Die Klägerin weist zu Recht darauf hin, daß der Sozialhilfeträger den maßgeblichen Sachverhalt, zu dem bei einem Erstattungsanspruch nach § 121 BSHG die Feststellung zur Hilfebedürftigkeit gehört, von Amts wegen zu erforschen hat (§ 20 Abs. 1 SGB X). Dabei hat die Behörde alle für den Einzelfall bedeutsamen, auch die für die Beteiligten günstigen Umstände zu berücksichtigen (§ 20 Abs. 2 SGB X).

Von der Intensität der behördlichen Sachverhaltserforschung im Verwaltungsverfahren kann im Einzelfall abhängen, ob ein Sachverhalt zweifelsfrei geklärt werden kann oder ob ein non liquet bleibt, das den Rückgriff auf die materielle Beweislast erforderlich macht. Aber auch in diesen Fällen ungenügender Sachverhaltsermittlung ändert sich die materielle Beweislast weder im Verwaltungsverfahren noch im Verwaltungsgerichtsverfahren. Das belegt für das im vorliegenden Rechtsstreit maßgebliche gerichtliche Verfahren die auch in Fällen der Untätigkeitsklage (§ 42 Abs. 1, § 75 VwGO), also auch bei fehlender behördlicher Sachverhaltsermittlung, gleichbleibende materielle Beweislast. Das klarzustellen, bedarf keiner Durchführung eines Revisionsverfahrens.

Die Unbeachtlichkeit des behördlichen Verhaltens bei der Sachverhaltsermittlung im Verwaltungsverfahren für die materielle Beweislast schließt allerdings nicht aus, daß das Gericht dieses Verhalten, wie anderes Verhalten eines Beteiligten auch, im Rahmen seiner Beweiswürdigung berücksichtigen kann.
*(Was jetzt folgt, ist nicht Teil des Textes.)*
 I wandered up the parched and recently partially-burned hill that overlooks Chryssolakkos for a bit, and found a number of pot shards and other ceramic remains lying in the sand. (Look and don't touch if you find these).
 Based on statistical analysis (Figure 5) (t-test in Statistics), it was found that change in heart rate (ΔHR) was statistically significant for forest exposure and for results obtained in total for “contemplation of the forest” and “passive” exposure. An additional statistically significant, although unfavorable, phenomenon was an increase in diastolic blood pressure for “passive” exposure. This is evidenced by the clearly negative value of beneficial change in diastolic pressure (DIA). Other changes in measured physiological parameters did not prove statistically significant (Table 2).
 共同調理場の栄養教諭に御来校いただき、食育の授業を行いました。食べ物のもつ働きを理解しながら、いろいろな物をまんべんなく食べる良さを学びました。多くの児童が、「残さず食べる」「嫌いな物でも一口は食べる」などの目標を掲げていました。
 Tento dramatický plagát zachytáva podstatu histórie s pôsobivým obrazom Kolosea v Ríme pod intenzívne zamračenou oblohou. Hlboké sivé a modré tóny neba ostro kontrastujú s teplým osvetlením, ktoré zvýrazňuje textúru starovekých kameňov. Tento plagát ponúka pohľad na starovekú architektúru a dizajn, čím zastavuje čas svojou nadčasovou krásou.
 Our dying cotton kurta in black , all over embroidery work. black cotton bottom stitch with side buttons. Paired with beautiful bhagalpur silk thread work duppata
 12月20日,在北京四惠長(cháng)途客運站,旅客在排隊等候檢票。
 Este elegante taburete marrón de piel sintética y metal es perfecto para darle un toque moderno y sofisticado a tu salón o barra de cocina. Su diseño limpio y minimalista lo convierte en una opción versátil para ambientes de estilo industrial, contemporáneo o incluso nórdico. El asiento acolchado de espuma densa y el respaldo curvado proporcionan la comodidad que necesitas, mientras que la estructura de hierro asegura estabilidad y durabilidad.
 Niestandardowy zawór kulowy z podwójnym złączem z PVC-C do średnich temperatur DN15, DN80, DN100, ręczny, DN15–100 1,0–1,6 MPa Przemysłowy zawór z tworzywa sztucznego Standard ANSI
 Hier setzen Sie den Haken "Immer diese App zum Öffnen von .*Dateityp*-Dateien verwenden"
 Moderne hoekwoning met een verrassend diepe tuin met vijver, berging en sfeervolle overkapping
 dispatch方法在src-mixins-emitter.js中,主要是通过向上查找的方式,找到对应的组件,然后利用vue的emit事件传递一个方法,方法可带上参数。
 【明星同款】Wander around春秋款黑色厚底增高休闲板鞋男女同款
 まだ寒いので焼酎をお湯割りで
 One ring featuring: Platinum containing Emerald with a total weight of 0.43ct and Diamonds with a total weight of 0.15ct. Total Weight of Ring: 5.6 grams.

Dazu bestand im vorliegenden Verfahren nach der dafür maßgeblichen Ansicht des Berufungsgerichts kein Anlaß.

Die Zulassung der Revision ist auch nicht nach § 132 Abs. 2 Nr. 3, § 86 Abs. 3 VwGO gerechtfertigt. Auf dem gerügten Verfahrensmangel kann die Berufungsentscheidung nicht beruhen. Denn das Berufungsgericht hat zwar bezweifelt, ob in den Fällen Hirt und Bremer Hilfe in einem Eilfall geleistet worden sei; es hat aber die Klage auch in diesen Fällen entscheidend deshalb abgewiesen, weil (auch) die weiteren Anspruchsvoraussetzungen des § 121 BSHG nicht festzustellen waren (UA S. 12).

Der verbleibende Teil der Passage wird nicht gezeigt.